Chefs of the Year
One champions the hard art of French technique; the other prowls the French underbelly, gleefully. They are two celebrated local chefs from two generations, a one-time teacher and his student with radically different ideas about cooking. What binds them is a drive for excellence and a restless wanderlust to stretch and create. After five years of taste bud–pushing originality, Le Pigeon’s Gabriel Rucker once again conjured the city’s most thrilling meals in 2012. Meanwhile, instead of commissioning a rocking chair at veritable institution Paley’s Place, farm-to-table icon Vitaly Paley embraced risk and gambled it all on Imperial, his just-opened adventure on the ground floor of downtown’s Hotel Lucia. This year, they reminded us what Portland aspires to be.

Vitaly Paley
Image: Stuart Mullenberg
Top 5 Imperial Intrigues
1. THE TATTOO WALLPAPER Pigs, roses, salmon, and, yes, a blindfolded queen march across a flesh-colored tableau in a brilliant synopsis of Stumptown spackled on a wall.

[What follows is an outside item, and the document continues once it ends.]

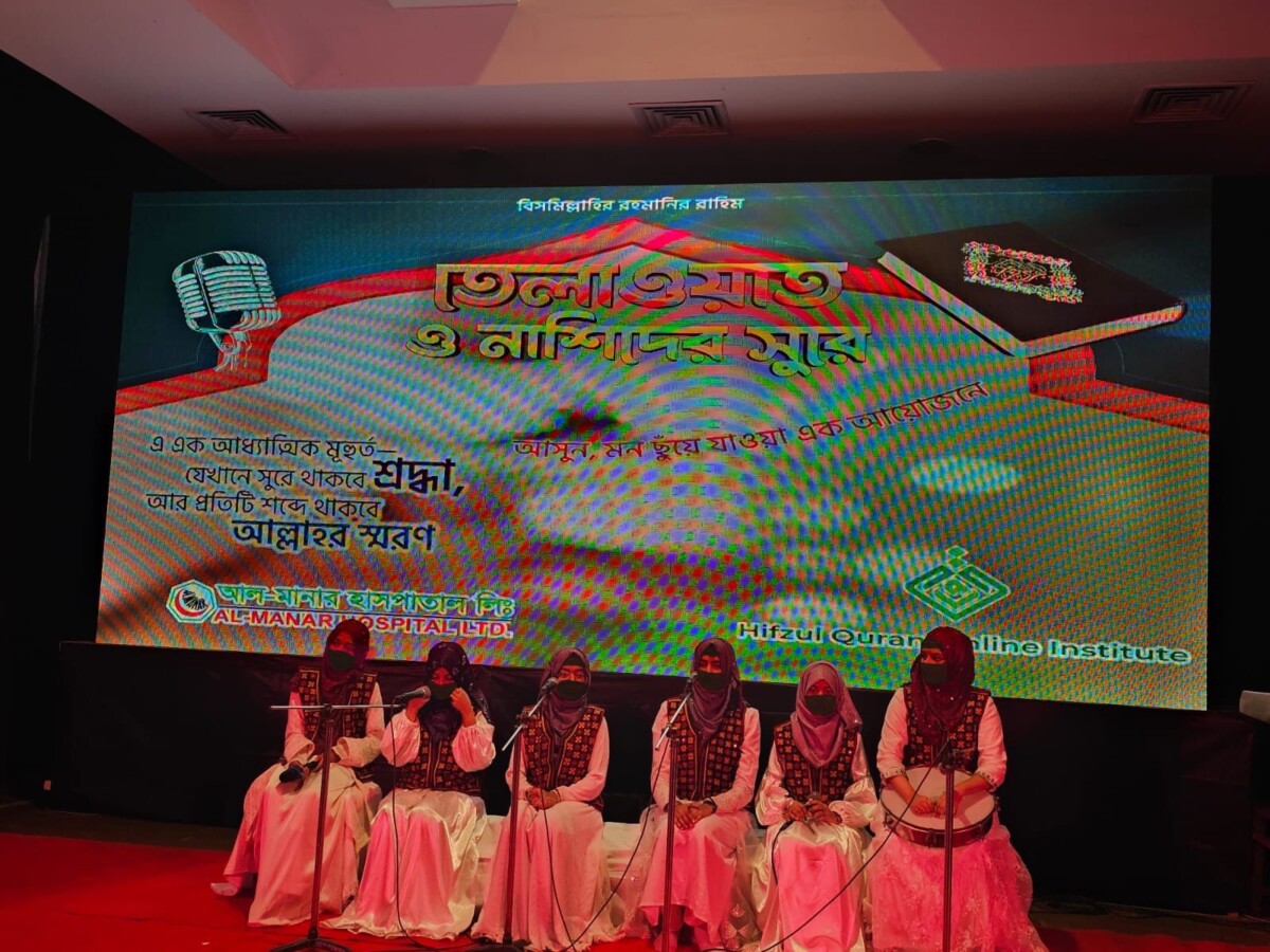 এই সময় স্টেজে হিফজুল কুরআন অনলাইন ইনিস্টিটিউটের উস্তাজারা উপস্থিত ছিলেন—

2. THE EATING NOOKS In a remake of a historic room, every turn offers a mood change: animated nighthawk bar, commanding booths, communal table, and cozy chef’s counter with front-row seats to the wood-fire cooking show.
3. THE COLLABORATORS James Beard’s spirit, the Oregon Historical Society, local farmers and fisherman, and not least, Paley’s rebel understudy, executive chef Ben Bettinger, shaped a wide-appeal menu that looks backwards and forwards at once.
4. DESSERTS Rising talent Michelle Vernier has already unleashed a sit-up-and-notice lemon meringue pie, deeply puckering in a flaky crust, and a cult-worthy chocolate icebox cake beneath torched marshmallow.
5. THE PALEY PHILOSOPHY “We can’t know who we are if we don’t look at our past.”

Gabriel Rucker's cooking up a cookbook release for September 2013.
Image: Stuart Mullenberg
Top 5 Le Pigeon Moves
1. DON’T TRUST YOUR INSTINCTS The weirder it sounds, the bigger the payoff. Smoked rabbit pie with gooey cheddar and savory mustard ice cream? You’ll still be dreaming about it a year from now. One recent out-of-towner summed it up while stumbling out the door: “Peanut butter and turnips? Crazy fucking genius.”
2. SAY HELLO TO YOUR NEIGHBOR The communal seats and alt-Paris vibe are more spontaneous dinner party than restaurant. Le Pigeon is a magnet for food lovers and globe-hoppers ready to share notes on life, Portland, and the evening’s meal.
3. WHEN IN LE PIGEON ... If you see the word “pigeon,” you want it. Rucker’s favorite ingredient turns up in wildly nuanced salads and toast-centric installations holding the house signature—a darkly humorous claw.
4. SIP Ask ace sommelier and co-owner Andy Fortgang to pair outstanding sherries, small-grower Champagnes, and other pitch-perfect companions from his ever-changing arsenal of intrigues.
5. SURRENDER Just let the man fly. Five-course tastings go for a very reasonable $65.